6. **Combining Processed DataFrames**:
    - It combines all processed subset DataFrames into a single DataFrame `language_dataframe`.
    - It reads each CSV file for each language subset and concatenates them.
    - It drops any rows with NaN values.

7. **Saving Combined DataFrame to CSV File**:
    - It saves the combined DataFrame to a CSV file named 'language_dataframe_v1.csv' without including the index column.

Overall, this code prepares and preprocesses audio data and metadata, and stores it in CSV format for further analysis or use in machine learning models.


In [None]:
spoken_language_dataframe = pd.DataFrame({'file_name': [spoken_languages_train_path_dataset + file_name for file_name in os.listdir(spoken_languages_train_path_dataset)]})
spoken_language_dataframe['language_label'] = spoken_language_dataframe['file_name'].str.split('/', expand=True).iloc[:, 5].str.split('_', expand=True).iloc[:, 0].replace(to_replace={
    'de': 'german', 'en': 'english', 'es': 'spanish'})
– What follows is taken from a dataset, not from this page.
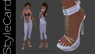 I got these Caged Platforms sent to me this morning, yet another foot-in-shoe release from SLink. The truly unique offering from Siddean Munro looks like a modern art piece, with it's wire cage heel and lattice that extends from the top of the foot to the ankle. The ample platform base and tied leather ankle wrap are color changeable, as are the metals which can be set to your preferred finish. No salon visit is necessary to change the color or your pedicure, and painted details, therewas also not too much difficulty matching my skin tone, though hand entering the RGB gave me an unusual result, I eventually sorted it out with the color palate method and was happy with the look of the skin tone on the prim foot.

indian_language_dataframe = pd.DataFrame({'file_name': glob.glob(indian_languages_train_path_dataset)})
indian_language_dataframe['language_label'] = indian_language_dataframe['file_name'].str.split('\\', expand=True).iloc[:, 1].str.lower()

indian_language_dataframe = indian_language_dataframe[indian_language_dataframe['language_label'] != 'punjabi']

language_dataframe = pd.concat([spoken_language_dataframe, indian_language_dataframe], ignore_index=True)
language_dataframe['file_size_kb'] = (language_dataframe['file_name'].apply(lambda x: os.path.getsize(x)) / 1024).round(3)

language_dataframe.to_csv('../data/model_data/language_dataframe_v1.csv', index=False)

for lang in tqdm(language_dataframe['language_label'].unique(), desc="Languages"):
    lang_data = language_dataframe[language_dataframe['language_label'] == lang].copy()
    lang_data[['sample_rate', 'audio_duration_sec']] = lang_data['file_name'].apply(lambda file_name: pd.Series(load_data(file_name=file_name)))

    lang_data.to_csv(f'../data/model_data/data_subset/language_dataframe_{lang}_v1.csv', index=False)

language_dataframe = pd.concat([pd.read_csv(f'../data/model_data/data_subset/language_dataframe_{lang}_v1.csv') for lang in language_dataframe['language_label'].unique()], ignore_index=True).dropna()
language_dataframe.to_csv('../data/model_data/language_dataframe_v1.csv', index=False)

language_dataframe

#### Descriptive Statistics of Raw Audio Data

In [None]:
language_dataframe = pd.read_csv('../data/model_data/language_dataframe_v1.csv')
language_dataframe

In [None]:
language_dataframe['sample_rate'].unique()

In [None]:
language_dataframe['file_size_kb'].mean(), language_dataframe['file_size_kb'].median()

In [None]:
language_dataframe['audio_duration_sec'].value_counts()

In [None]:
language_dataframe.describe()

#### Waveform Visualization

Waveform visualization is a technique used to plot the amplitude of an audio signal against time. This type of visualization provides a graphical representation of the audio waveform, allowing us to visualize the variations in amplitude over time. Each point on the waveform represents the magnitude of the audio signal at a specific point in time.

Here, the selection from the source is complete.